Thankfully, though, most of the home’s bones were good (minus some mold and asbestos that they had to clear out), and the L-shaped layout didn’t need to change. Instead, architect Yoram Lepair opened up doorways, added a parapet, and trimmed the eaves of the roof, which were blocking light and, more important, views to the epic backyard, home to a pool and soaring palm trees.
To anyone living in a landlocked state, the open-air home looks like where you’d want to spend a permanent vacation, and for the couple, that was part of the plan. For example, they chose their primary bedroom because it was the one whose glass doors opened up directly to the pool. “It’s a very zen feeling in the morning when you’re lifting the curtains,” Barnes says. “You feel like you’re at a hotel.” And they didn’t change the plaster walls of their backyard because it reminded them of the Amangiri, a desert resort in Utah.
But when it came to design, which Hawk & Co’s Summer Jensen came on board to help with, Barnes and Cooper didn’t always agree. As in, Barnes is a maximalist who gravitates toward bright colors, and Cooper is a fan of a more clean, industrial look. “It was basically me trying to add a color explosion, and Matt reeling me in,” Barnes says.
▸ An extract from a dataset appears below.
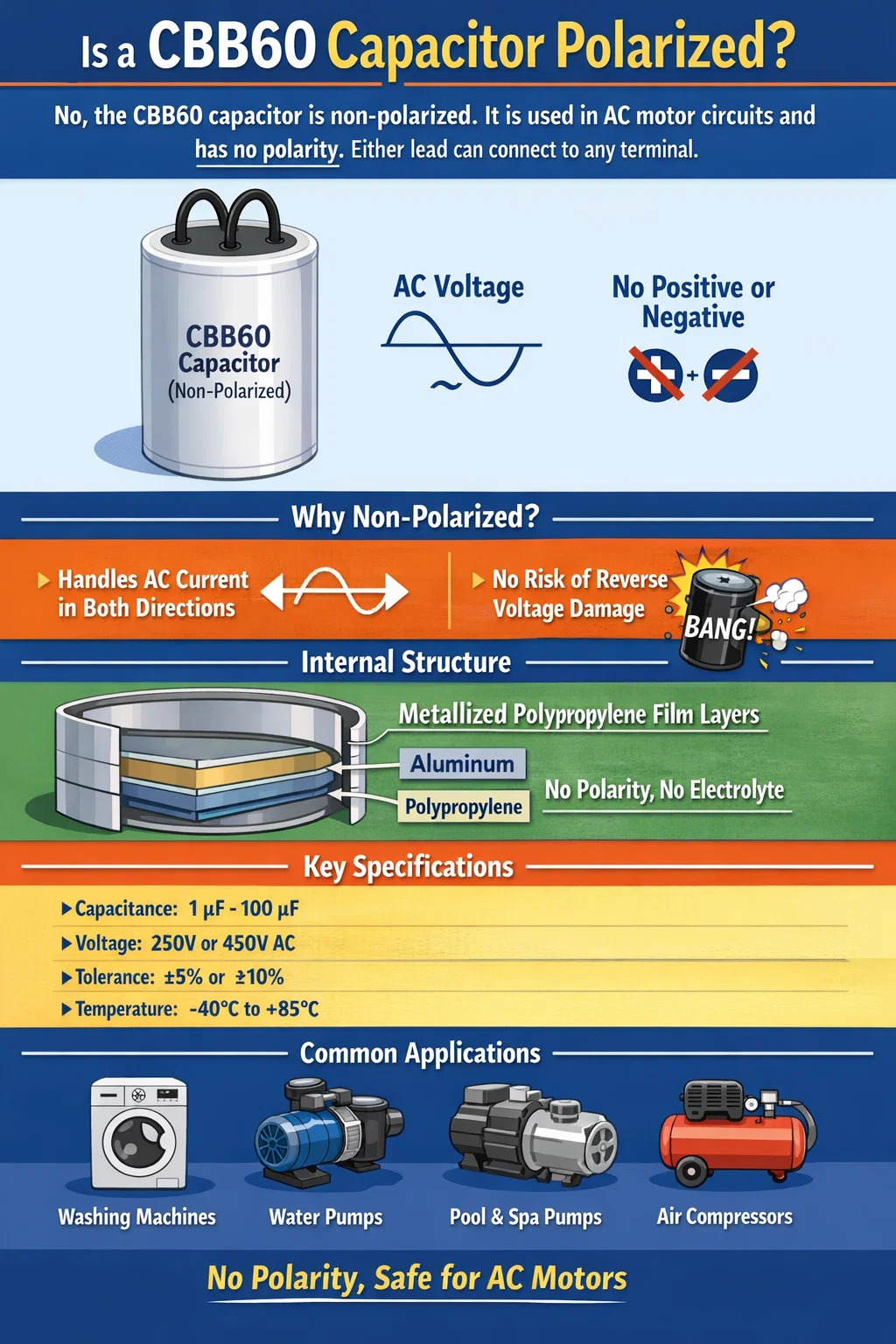 No, a CBB60 capacitor is not polarized. It is a non-polarized, AC-rated film capacitor designed specifically for use in alternating current circuits. Unlike electrolytic capacitors, which have a clearly marked positive and negative terminal and will fail — or even explode — if connected backwards, the CBB60 has no polarity whatsoever. You can connect either terminal to either side of your circuit without any concern. This is not a minor technical footnote; it is one of the defining reasons the CBB60 exists and why it is so widely used in AC motor applications.

They did agree on the overall vibe, though, which meant a calming palette and a sanctuary-like space filled with collected objects from their travels around the world and from designers they love. The oil painting above their bed was a gift from Barnes’s uncle in Hawaii. Her thrifted pottery rests on the kitchen’s open shelving. And Sarah Ellison’s Instagram-famous Huggy chair swivels in the living room.
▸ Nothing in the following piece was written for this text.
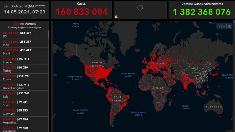 По состоянию на утро 14 мая, число зараженных на планете скоро превысит отметку в 161 миллион, фото: arcgis.com

One area where Cooper had little say was in Barnes’s walk-in closet, a former bedroom that they transformed into a space where her impressive hat collection could hang along the ceiling. (Don’t worry; Cooper’s custom clothing storage spans an entire wall of their primary bedroom.) Barnes considers it her office because it’s where she styles outfits—in addition to her own content creation, she’s a model who once appeared in a Justin Bieber music video. Similarly, Cooper’s home office is all his own, and it’s where you’ll find a denim blue sofa, a fireplace, and, in the afternoons, Jones hanging out.
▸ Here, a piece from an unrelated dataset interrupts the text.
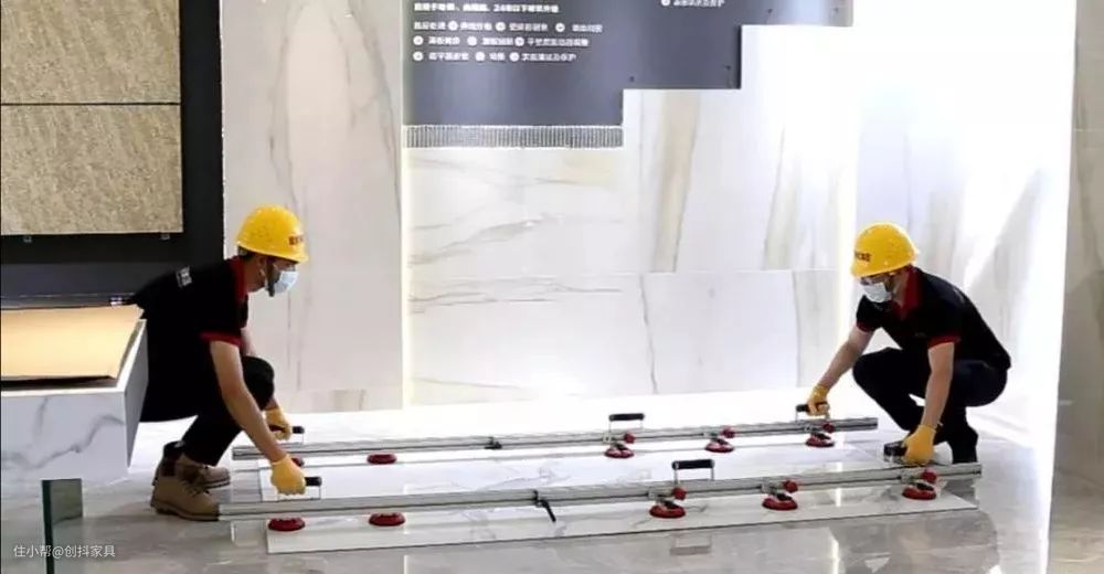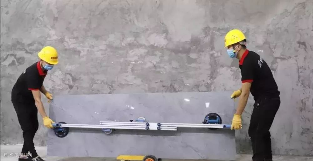 在进行岩板搬运时,应采用符合要求的手泵吸盘或专业抬板杠进行搬抬,放至搬运车上运输,搬运放置过程中严禁单角着地。

And while they didn’t design the home with their growing family in mind (now they have a second son, Charlie), it turns out that some of their natural choices just so happened to work out. The open kitchen, for instance, is great for casual kid meals and entertaining friends with young ones. But nowadays, the four of them mostly lounge in the backyard and play on the massive orange circular daybed. It’s almost like a family vacation—except they live here now.